Does he still regard the city as home? “It’s funny you know, because I turn 36 this year and I moved down to London when I was about 17, so I will have lived away longer than I’ve lived here. But it does feel like home because I’ve moved around quite a bit. I’ve never settled in one place in London and moved to Kent, then Australia for a while and now I’m back in England. So I haven’t really put down roots anywhere else.
“There is something odd because shops change but the general geography of the city centre is pretty much the same.”
The dilemma, admits one of the kings of improvised comedy, is what influence his North-East roots has on daughter Elfie.
“She’s a weird one my daughter because my wife’s Australian, who can’t stand the cold of the North-East, so it’s quite an exotic mix. She’s a half-Geordie, half-Australian hybrid and I always joke that I’ve created a human being who can withstand either end of the temperature scale. “She’s got such a different way of growing up to what I had.
We’ve brought her up by taking her to Whitley Bay and Tynemouth and taken her on the beach and she’s in a one-piece romper suit like a winter outfit and there are kids on the beach just in their pants. I told my wife that you don’t notice kids being in their pants when you grow up with it,” he says.

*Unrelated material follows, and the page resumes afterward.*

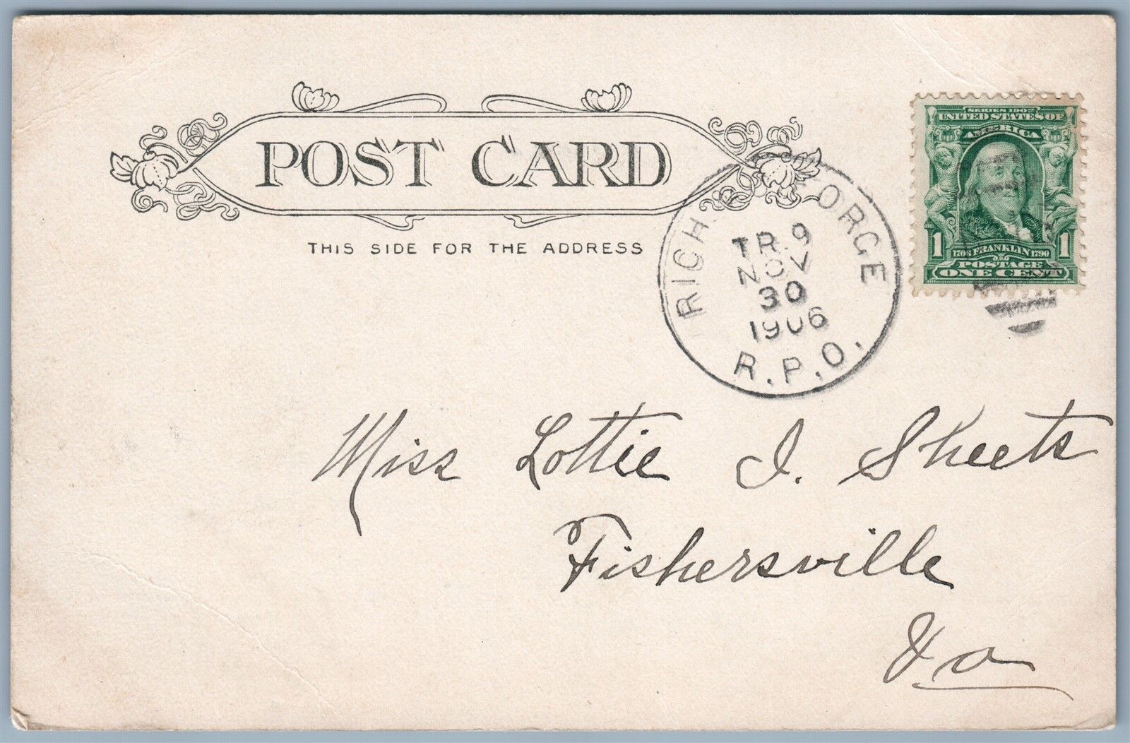 LYNCHBURG VA JAMES RIVER ANTIQUE 1906 UNDIVIDED POSTCARD w/ CORK CANCEL

Noble reckons taking Fran and other friends from the south of England down to the Bigg Market in winter is one of his most enjoyable moments.
“They don’t believe it and I love showing them. I’m taking people down there and saying ‘ta-dah’. But what I love about Newcastle is that it’s such a positive place, and that judgement is not clouded by the fact that I’m from here. There are some cities like Newcastle, Dublin and Liverpool that have a sense of fun about them. That’s what I miss about being away.”

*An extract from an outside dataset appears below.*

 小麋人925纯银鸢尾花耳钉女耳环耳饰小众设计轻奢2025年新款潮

Noble certainly needed a sense of humour having started as a club comedian at 15, who didn’t much like football or beer.
“Certain people refused to believe I wasn’t gay for a long time, but it’s perfectly acceptable,”
he jokes. He bursts into laughter about his current standing of 11th greatest standup comic. “I was number ten. Ricky Gervais got past me and jumped from number 11 to number three. Michael McIntyre wasn’t even in the list the first time (in 2007) and someone in the top ten was bumped down to number 20. These things are ridiculous because it’s like a massive compliment, although it can be based on how much you are on telly.
There are these votes for the world’s sexiest people which are always won by famous people, it’s never won by a shopworker in Hexham.
So it’s quite arbitrary. I was in the top 100 Geordies of all time and to get in that list is not to be sniffed at. I think I was a few places behind Marcus Bentley who does the voice of Big Brother (I’m joking),” Noble says.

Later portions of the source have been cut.